Aus größerer Höhe betrachtet sind solche Unterschiede in den Image-Entwürfen nur mikroskopisch, aber es war herzallerliebst zu beobachten, wie sich erwachsene Kommentatoren daraus mühsam die Schwellkörper für ihre großen Pink- und Avril-Apologien bastelten: Als sich ein britischer Fernsehsender öffentlich entschuldigte, weil Pink beim Auftritt ein „You Fucking Bitch“-Hemd getragen hatte, schnüffelten viele umstürzlerisches Sex Pistols-Potenzial – das passiert, wenn es Kulturkritikern irgendwann zu langweilig wird, Teen-Pop immer nur scheiße zu finden. „Echt cool oder voll fake?“ fragten auch die Titelzeilen der Jugendzeitschriften, da wurde es freilich interessanter: Der Streit über Authentizität ist im Rock’n’Roll zwar ein uralter Bierdeckel, im schülerorientierten Pop gibt es ihn aber erst seit HipHop und Alternative.
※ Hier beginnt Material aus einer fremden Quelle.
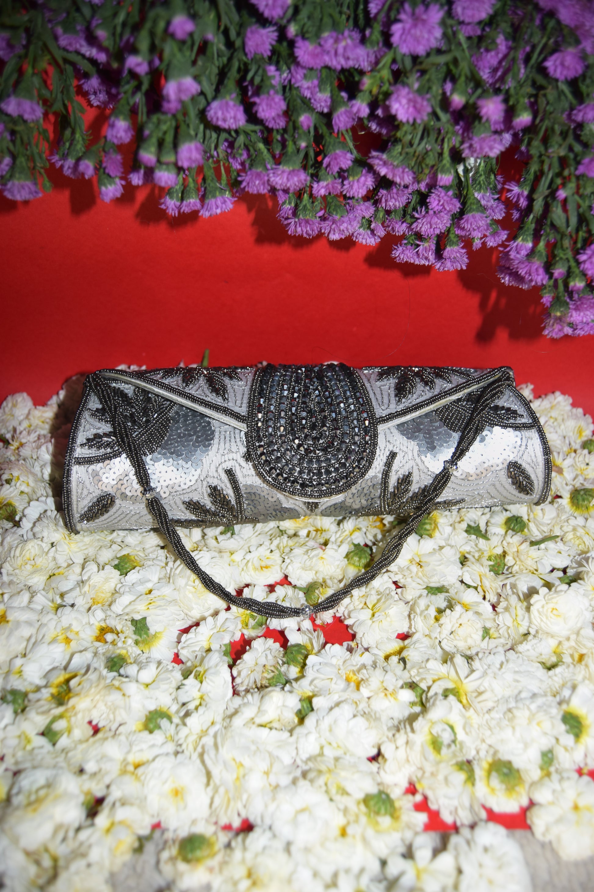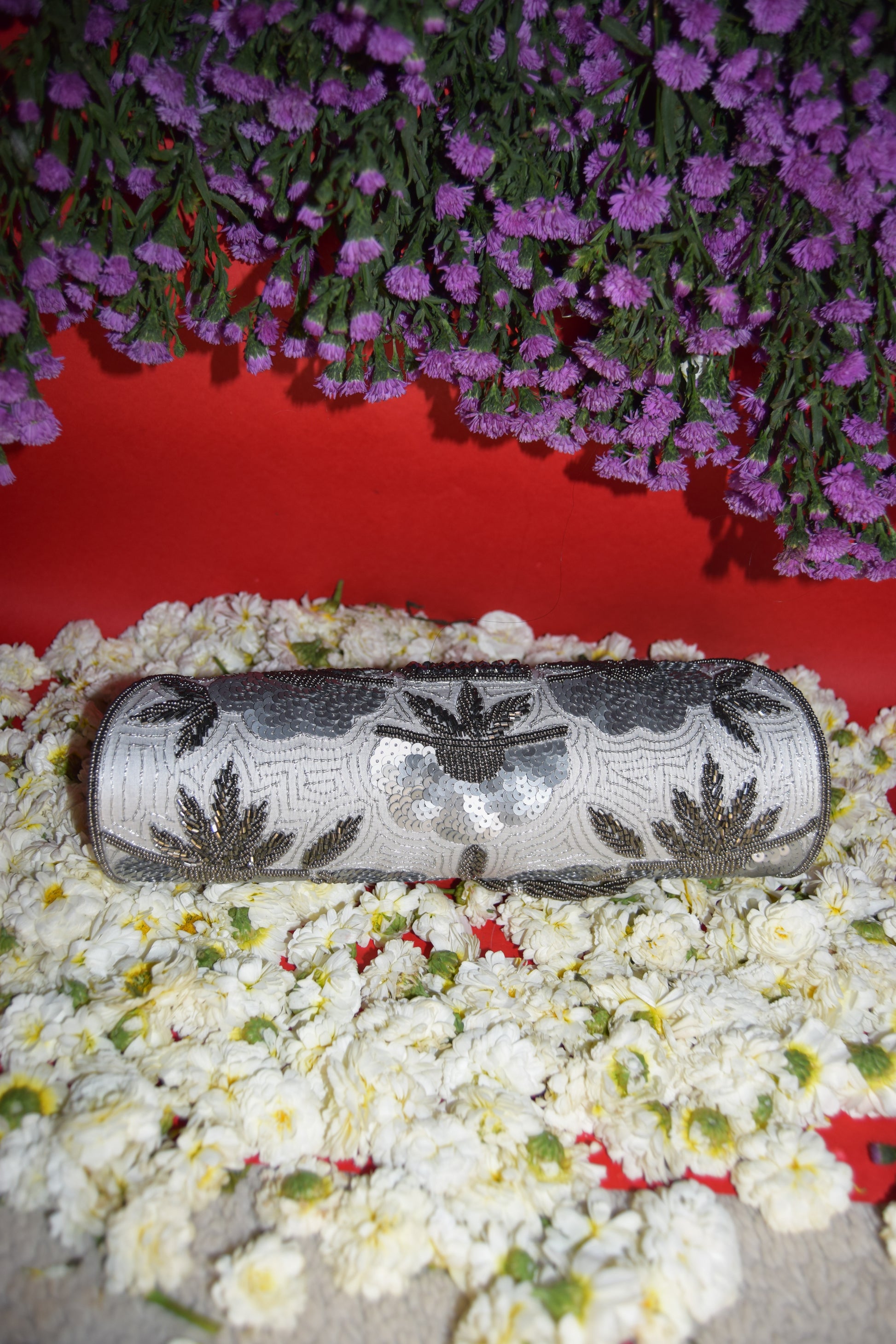 Hina is a dazzling cylindrical sling brought to life with all-over sequin, moti, and katdana handwork. Comes in three luminous shades — Gold, Silver, and Baby Pink. Paired with a moti handle and a detachable metal chain for versatile styling.

Wenn früher die Bay City Rollers oder New Kids On The Block plötzlich auf groß und stark machten, hieß es meistens nur: „Irre – ihr neuer Look zum Selbermachen!“ Das war unbedacht und leugnete, dass hinter den neuen Hemden eine tiefere Bedeutung stecken könnte – außer der reinen Fantasie. Dem wetterwendischen Medium Pop stand diese Sichtweise freilich viel besser. Spears ist keine Lügnerin.
Der Fall Kelly Osbourne: Glauben muss man das nicht, aber es hieß, die Firma Epic habe sie direkt nach Fertigstellung des Debütalbums „Shut Up“ aus dem Vertrag entlassen (Ärger mit der Industrie, erste Anti-Britney-Regel), weil die Musik zu gitarrig und offensichtlich nichts fürs kommerzielle Radio sei. „Wenn ein Junge meine Songs singen würde, hätten sie das als Rock verkauft und es würde auf KROQ laufen“, wird Osbourne im „NME“ zitiert, „ich müsste wohl erst Tiere opfern auf der Bühne, um ernst genommen zu werden.“ Solange sie selbst ein so hübsches Opfer abgibt, muss sie das nicht. Recht hat sie trotzdem. Am Ende sind die Anti-Britneys eben doch einfach die Mädchen, und Mädchen, so hat man uns beigebracht, wollen nur Spaß haben.